Amid increased pressure to deprive the Royal Bank of Scotland chief executive of his full pay package, Hester looked up the word ‘contract’ on his iPhone and then called the senior partner at a law firm that describes people like you as ‘lunch’.
Hester said: “I have a contract, just as you have a contract. Look at us with our fancy contracts!
“Now, imagine how you would feel if the boss of the ghastly open plan office you share with dozens of other people suddenly said to you, ‘I’m sorry, but the Guardian say I can’t pay you this month because it thinks you’re a dick’.

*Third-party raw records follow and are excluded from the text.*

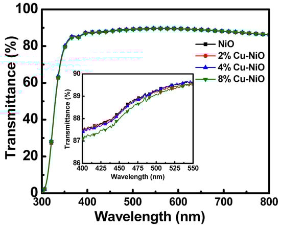 The optical properties were studied using UV-Vis spectroscopy. We measured the absorbance spectra of equally concentrated NiOx and Cu-NiOx NPs dispersed in DI water (Figure 4) in the wavelength range from 300 to 800 nm. The absorbance increased with an increase in the Cu concentration. The optical bandgaps were calculated using the standard Tauc plot method. The bandgap values were 3.8, 3.74, 3.71, and 3.66 eV for undoped NiOx, 2%, 4%, and 8% Cu-NiOx NPs, respectively. The bandgap values of synthesized NPs decreased with an increase in the Cu concentration. The incorporation of Cu atoms slightly narrowed the bandgap. The transmittance spectra of spin-coated NiOx and Cu-NiOx NPs on glass is illustrated in Figure 5, which revealed more than 85% of transmission in the visible region. The transmittance value decreased with an increase in the Cu concentration because of the narrowing bandgap.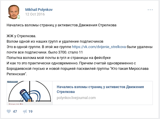 Столкновение великого палководца Гиркина с хакерами случилось 12-го октября 2016 года, и привычно началось с боли и унижения. Куда-то пропал «Живой журнал» и другое движимое интернет-имущество. Мы и не думали писать что-то от его имени. Переплюнуть лаконичную цитату командарма «Новороссии» («нам всем …!») не так уж и легко, но нужно же было чем-то его занять. Целью атаки был Михаил Полынков с позывным «Хрусталик».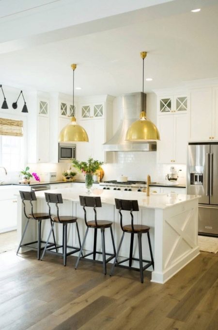 The design approach to the interior design of the kitchen-studio implies the harmony of furniture with the color scheme. The priority is a combination of light colors with bright contrasts: milk with chocolate, white with black, light gray with pistachio, white with mustard or blue. Black and white kitchen can acquire any color due to interior accessories. For example, the same greens can instantly change the emotional atmosphere of stylistics.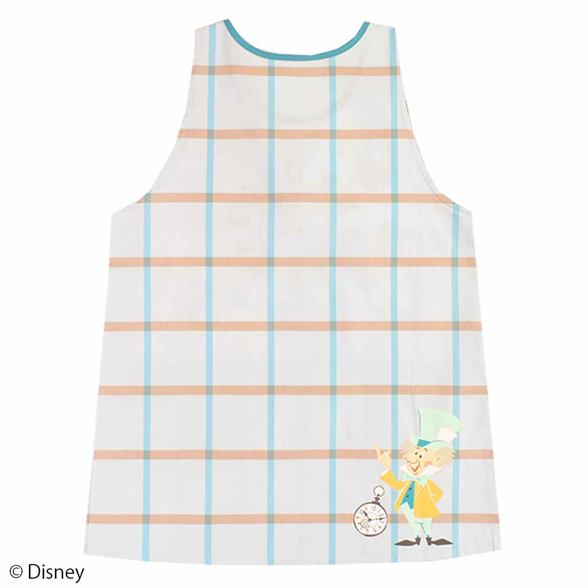 『不思議の国のアリス』の仲間たちがデザインされた大人用カバーエプロン。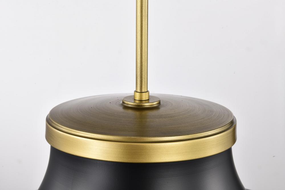 Lafayette 3 Light Pendant; 18 Inches; Matte Black Finish with Natural Brass Accents and White Opal Glass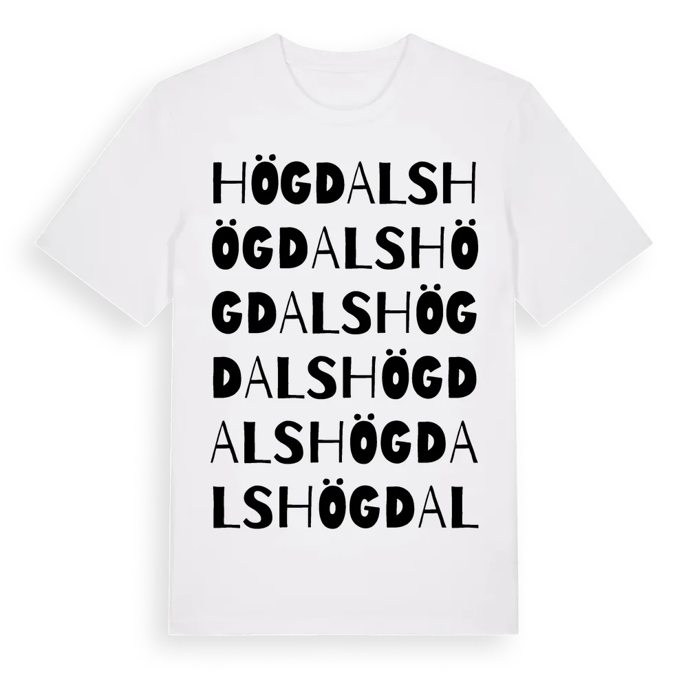 Högdals ordlek t-shirt är inspirerad av Högdals i Gävleborgs län, Sverige. Tröjan är designad för dig som har en speciell koppling till platsen – oavsett om du bor här, har rötterna här eller bara älskar Högdals.

“I imagine you would be straight on the phone to your trade union or some bog-standard local solicitor.
“Now the thing is, maybe you are a dick. Take a look around and you may notice that Britain is choc-a-bloc with people who are just dicks.
“But the great thing about you and me is that we both have contracts which stipulate the exact circumstances under which we do or do not get our lovely money.”
Experts said that in circumstances where idiot newspapers are not involved people tended to behave rationally and focus on whichever set of utter cretins drew up the contract in the first place.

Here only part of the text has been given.